У стола с инструментами стояла его любимая медсестра Ниночка Игнатова, самая опытная, самая толковая и организованная, самая надёжная. За несколько лет работы он понял, что от операционной медсестры зависит очень многое. Бестолковая, невнимательная сестра могла сорвать операцию, разозлив хирургов или напортачив с инструментами, или недосчитавшись использованных салфеток. С Ниной, как неоднократно говорил Глеб, он готов был идти в разведку, не то, что в операционную. Скромная тридцатипятилетняя сестра только хмыкала и соглашалась. Она на каком-то подсознательном уровне чувствовала, что от неё ждёт врач и протягивала нужный инструмент ещё до того, как тот успевал его назвать.

В операционной люди срабатывались годами, мыслили одинаково, чувствовали одинаково, постепенно превращаясь в единый организм. Поэтому в хорошо сработанной бригаде во время операции стояла тишина. Все понимали друг друга почти без слов.
Глеб взял в руку скальпель и мир мгновенно сузился для него до границ светового круга, освещённого бестеневой лампой. Все посторонние звуки стихли, слились в незаметный шумовой фон. Поток времени замер и остановился, словно потеряв связь со стрелками часов над входом в операционную. Стрелки будут бежать по кругу, наматывая час за часом. Но для Глеба время перестанет существовать, потеряет свой смысл, сгустившись в тугую каплю и замерев.
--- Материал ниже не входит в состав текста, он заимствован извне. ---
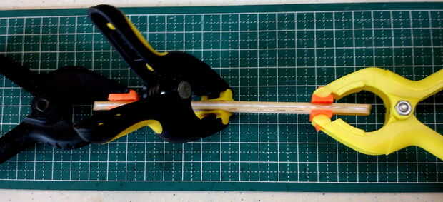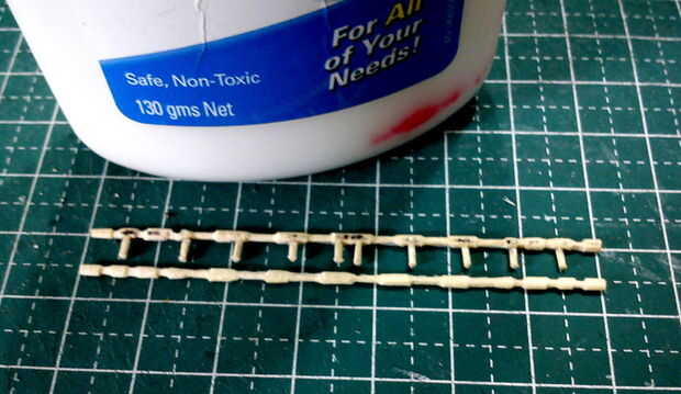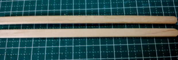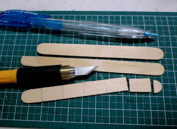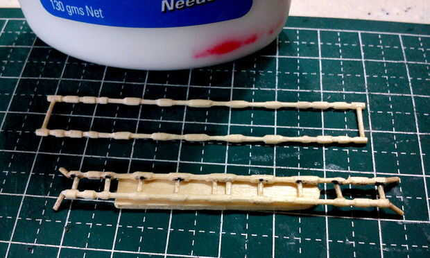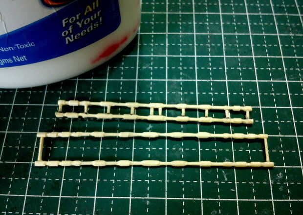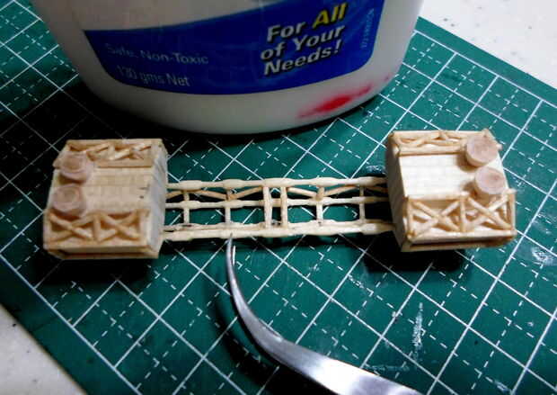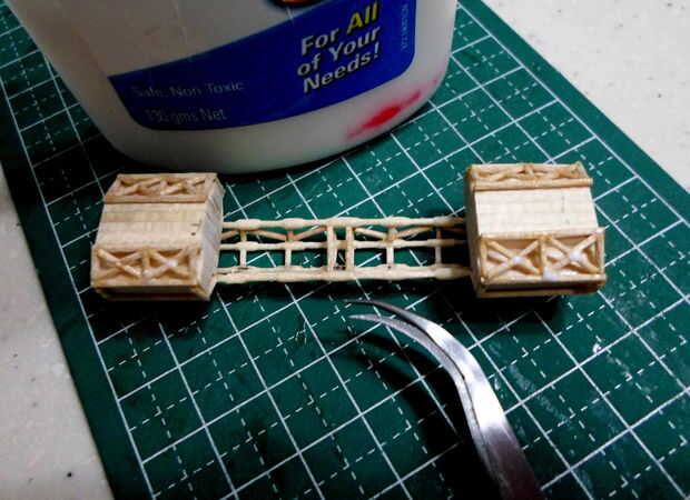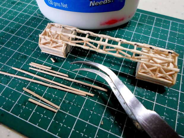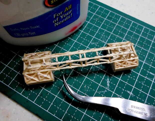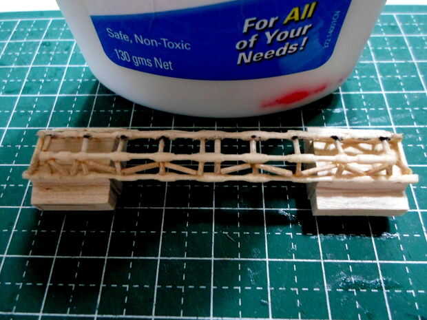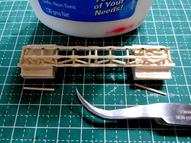 Los puntales de la parte inferior fueron un segmento más largo que el conjunto superior. Dos 2 soportes transversales ya estaban pegados en ambos extremos de las barras de la parte inferior. Toothpicks diluidos se utilizan para unir la parte superior 'escalera' con el puntal de la parte inferior.
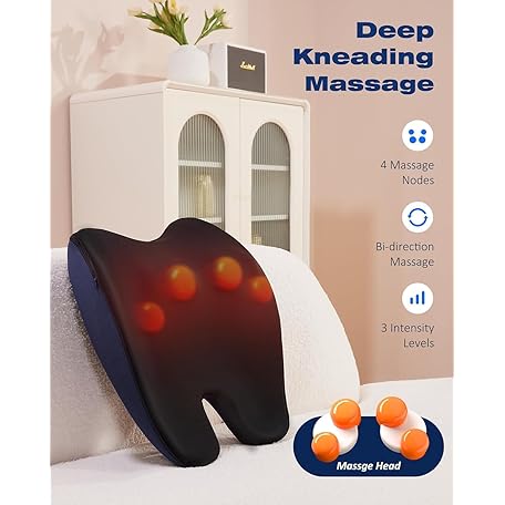 Thông tin sản phẩm Shiatsu Neck and Back Massager with Heat, Neck and Shoulder Massagers, Deep Tissue Kneading Massage Pillow for Lower Back, Shoulder, Leg Muscle Pain Relief, Relax Christmas Gift for Woman Man Dad Mom
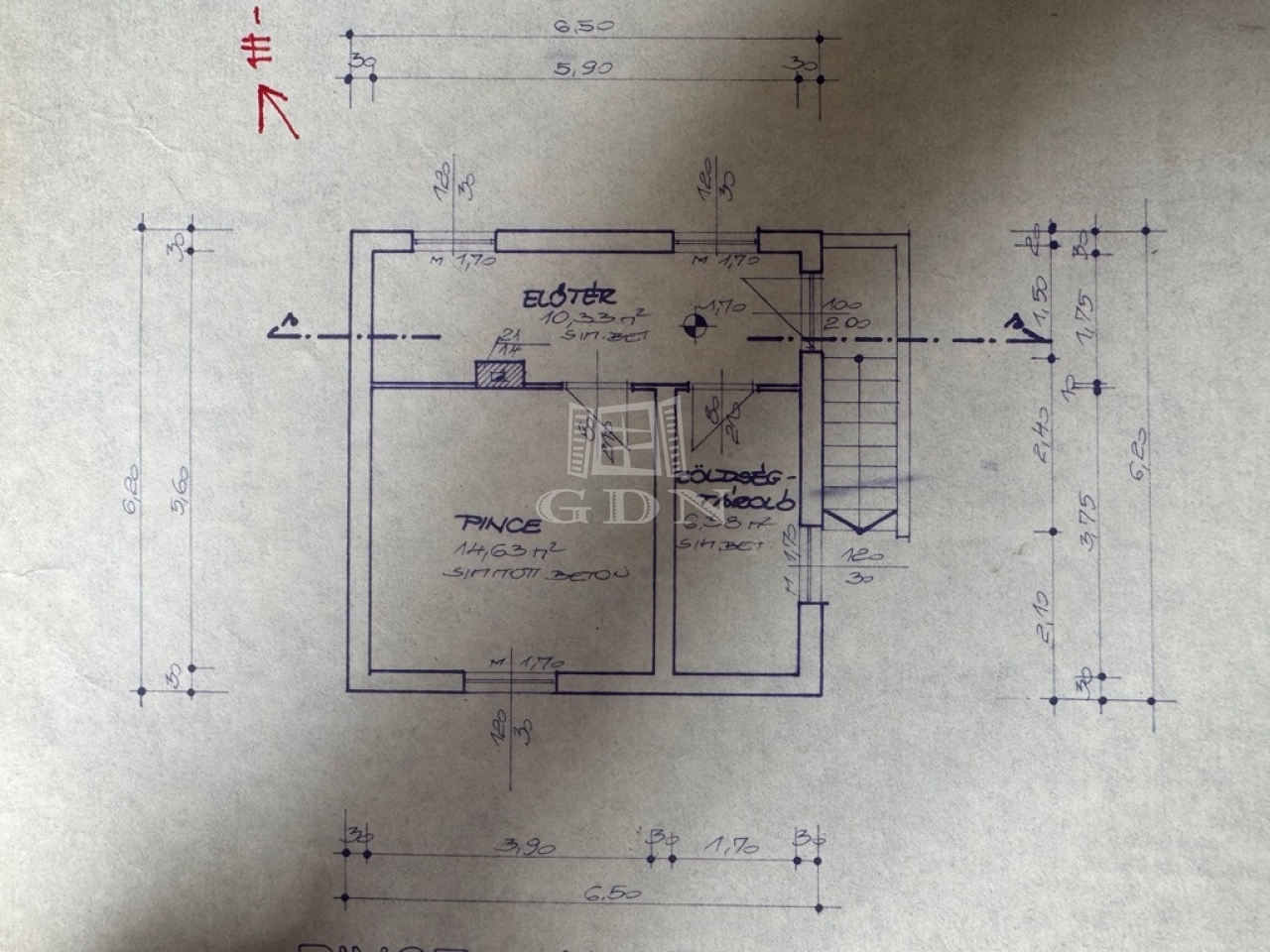 Pince: előtér 10,33m2, zöldség tároló 6,38m2, lakható pincehelyiség konyhával 14,63m2;
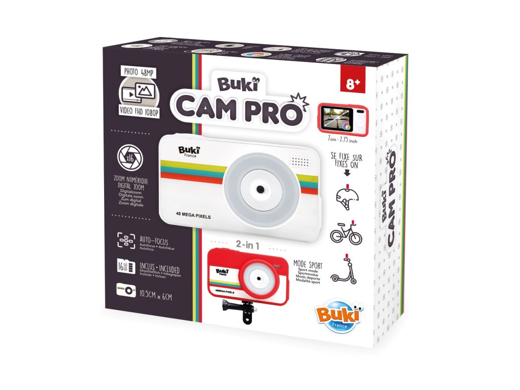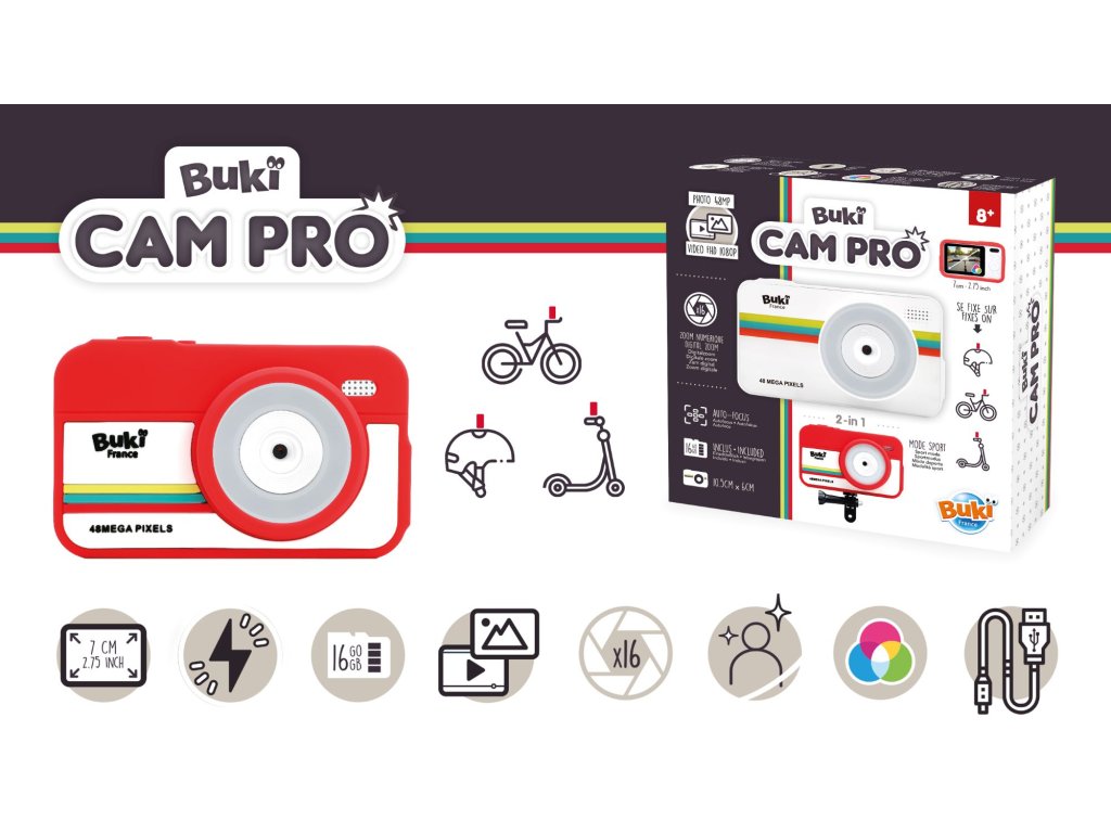BUKI CamPro je všestranná digitální kamera pro děti, která kombinuje robustní konstrukci s praktickými funkcemi pro každodenní dobrodružství. Vhodná jak pro domácí použití, tak pro venkovní výlety, díky přibaleným upevňovacím doplňkům ji lze snadno připevnit na helmu, kolo nebo skútr. Díky vysokému rozlišení, video kvalitě a odolnému krytu je ideální pro malé snílky a objevitele.
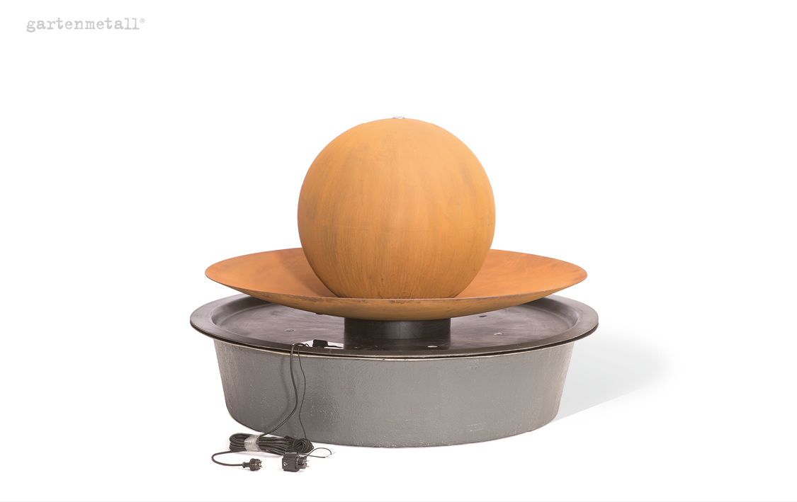 – Pflegehinweis: Damit der Cortenstahl an den wasserbenetzten Oberflächen seine schützende Sperrschicht aufbauen und erhalten kann, muss das Material mindestens einmal pro Woche vollständig abtrocknen. Die Wasserpumpe sollte z. B. mit einer Zeitschaltuhr regelmäßig abgeschaltet werden.
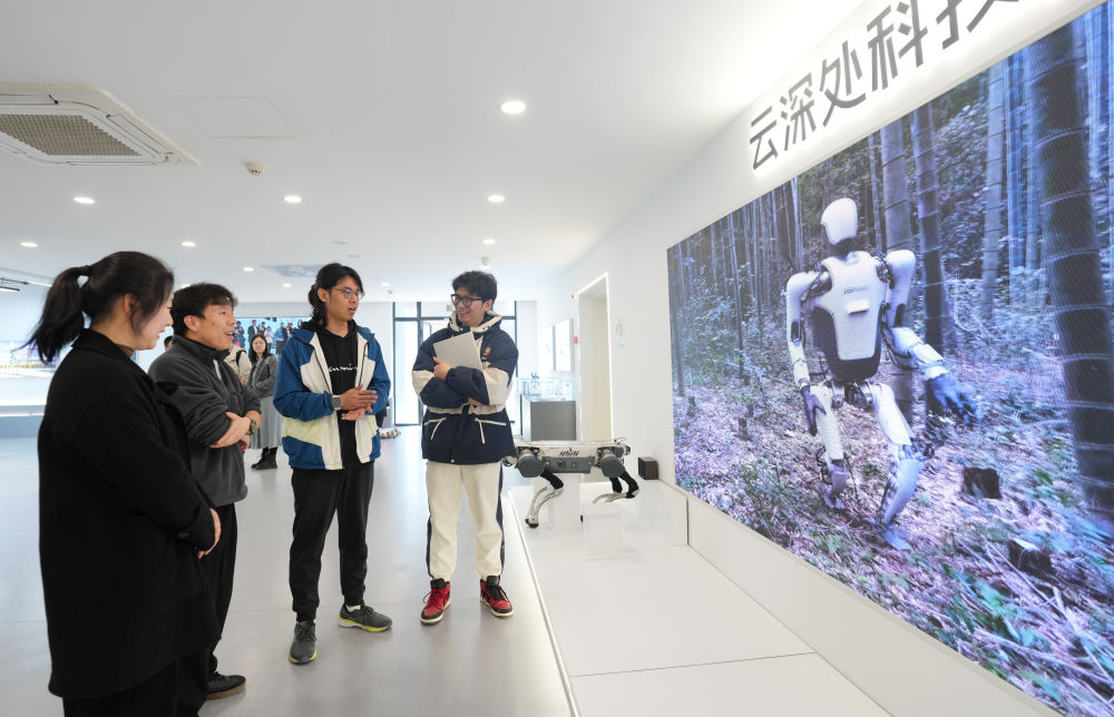 3月1日,在杭州宇樹(shù)科技有限公司的產(chǎn)品展示中心,人形機(jī)器人和四足機(jī)器人在工作人員控制下做動(dòng)作。新華社記者 翁忻旸 攝
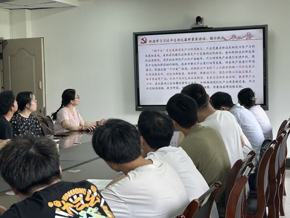 支部活动最后,与会党员针对“新质生产力的提出,带给研究生党员哪些思考和机遇”展开了热烈的讨论。党支部书记邹润玲提出全体党员要加强科学基础研究,促进多学科交叉融合,以新政策为立足点,提前做好就业职业规划。努力将技术创新和应用创新协同发展,为实现中华民族伟大复兴贡献自己的力量。
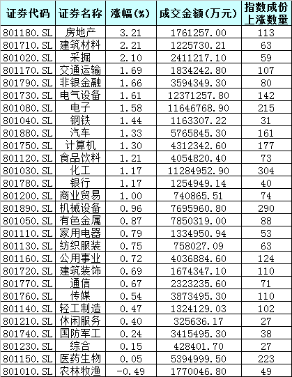 從申萬一級行業(yè)來看,周五僅農(nóng)林牧漁行業(yè)指數(shù)微跌0.49%,其他行業(yè)指數(shù)均呈現(xiàn)不同程度的上漲,其中,房地產(chǎn)行業(yè)領(lǐng)漲,漲幅達(dá)到3.21%,建筑材料和采掘等行業(yè)漲幅也均在2%以上。
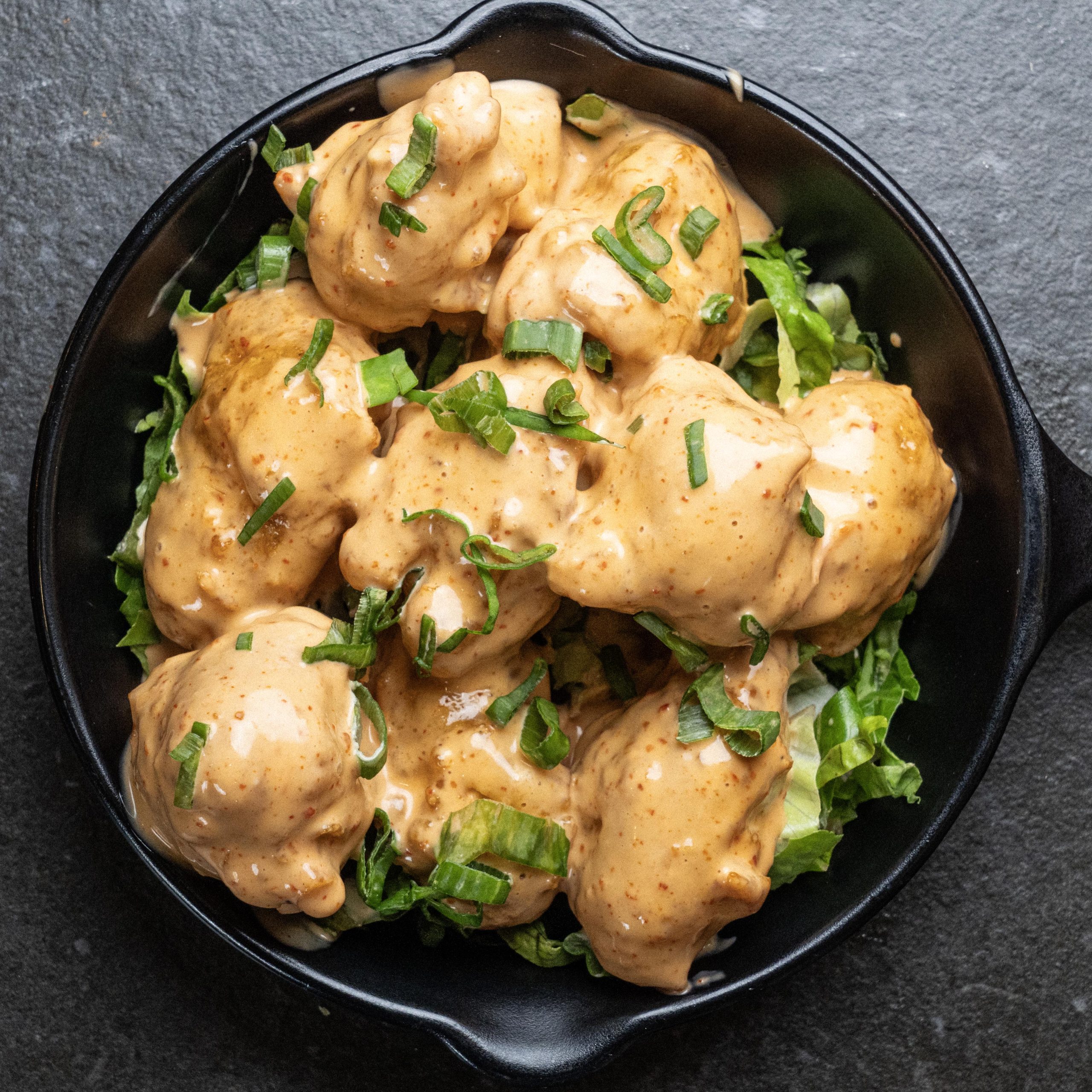 قطع دجاج بونلس مقلية مع صوص الدايناميت

Первые минуты нервного напряжения, как перед стартом, прошли, вылились в спокойную, размеренную работу. Станислав Геннадьевич не спешил подтолкнуть, подсказать молодому коллеге, давал время обдумать каждый свой шаг, просчитать каждое действие, понимая, что автоматизм придёт с опытом.
Всё прошло штатно. Сердце Кости Синеокова с новым клапаном билось ровно и спокойно. Цифры на экране монитора внушали уверенность. Когда Глеб уже зашивал кожу, осторожно втыкая круглую, похожую на срезанный ноготь, хирургическую иглу с тянущейся от ушка ниткой, Станислав Геннадьевич сказал:
- Ну что, Глеб, всё отлично, ставлю тебе зачёт, – и добавил после паузы: - Старик бы гордился тобой.

Глеб только вскинул на него тёмные благодарные глаза и промолчал. Он повернул голову и бросил взгляд на циферблат: операция шла три с половиной часа. Нормально. Отдал Нине иглодержатель с пустой иглой и отошёл от стола.
- Закончили.
И тут же почувствовал, как затекла шея, плечи, поясница, какая свинцовая тяжесть скопилась в ногах. Он откинул назад голову, вытягивая шею до хруста, расправил плечи и стал стаскивать грязные перчатки. Мимо него прошёл к выходу из операционный довольный и усталый Станислав. Следом, показывая большой палец правой руки, проскочил Лёня и скрылся за дверями предоперационной.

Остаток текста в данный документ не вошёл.